I’m not too pushed on this celeb baby boom
With a veritable galaxy of stars all awaiting a happy event this year, you could say there's a bit of a baby boom going on at present.
Currently blooming away nicely are Peaches Geldof, Chantelle Houghton, Sienna Miller, Billy Piper, Konnie Huq and Stacey Solomon (to name but a few) — all of whom are very high profile and constantly in-yer-face from the newsagents shelves; so it's safe to say there's going to be a lot of celebrity baby talk ahead of us in the Spring and Summer of 2012.

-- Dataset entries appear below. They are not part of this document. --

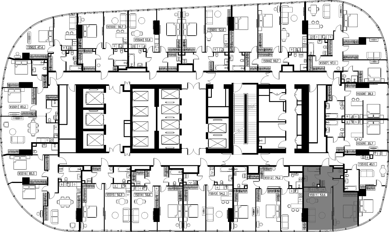 | Этаж | 55 из 90 | Площадь кухни | 22 м2 |
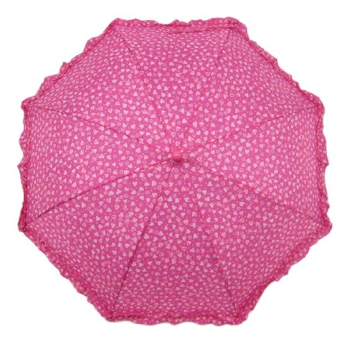 This awesome hot pink mini stick umbrella features a print of pale pink hearts. Measuring 23 inches long including the tip, it opens easily to provide you with 34 inches (arc diameter) of protection from rain, sleet or snow and can also be used to protect you from the harmful effects of the sun. It's great for kids, and makes a great parasol. The handle and tip are hot pink plastic.
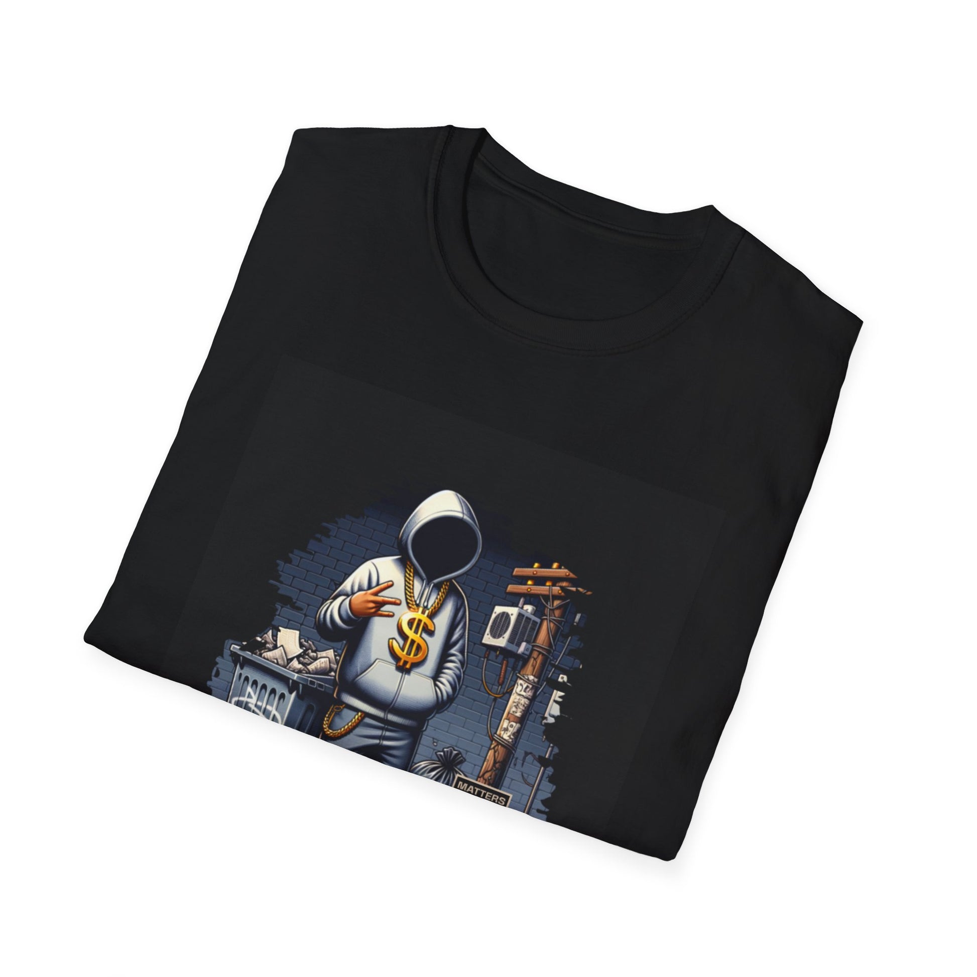 A soft, lightweight tee that wears like a lived-in favorite. The design centers on a hooded, anonymous figure in an urban night scene — neon-lit alleys, a worn trash can, and a bold emblem that reads MONEY — giving the shirt a gritty, streetwise mood. The fabric has a smooth, durable hand that prints beautifully, while the classic crew cut and clean silhouette make it easy to layer under a jacket or wear on its own. This tee settles into weekend routines, late-night city walks, studio sessions, and skate-park hangs — it feels like something that belongs to the night-shift dreamers and hustlers who value style with edge.

Babies are a great PR angle after all. Who can forget the fuss that accompanied the due date of Nicole Kidman, for example? Before she popped her first sprog there were literally weeks of speculation from the tabloids and glossies about how she would go about it. Even her so-called ‘birth plan’ was allegedly leaked to the press, who then had a field day with all the details of her diva demands, such as a personal recording of classical flute tunes by none other than Sir James Galway.
The PR possibilities for a modern-day celeb with a baby on board now seem to be endless as more and more of them sell the entire access and cash-in the publication rights to the highest bidder. Top stylists on stand-by; hair by Garnier; make-up by Chanel; music by a maestro flautist himself whilst the entire performance is captured forever on a free CD in the Mail on Sunday. Or, better still, she might decide to do an ‘Angelina’ and rent herself a small yet picturesque African country and fly them all over on a private jet along with the camera crew.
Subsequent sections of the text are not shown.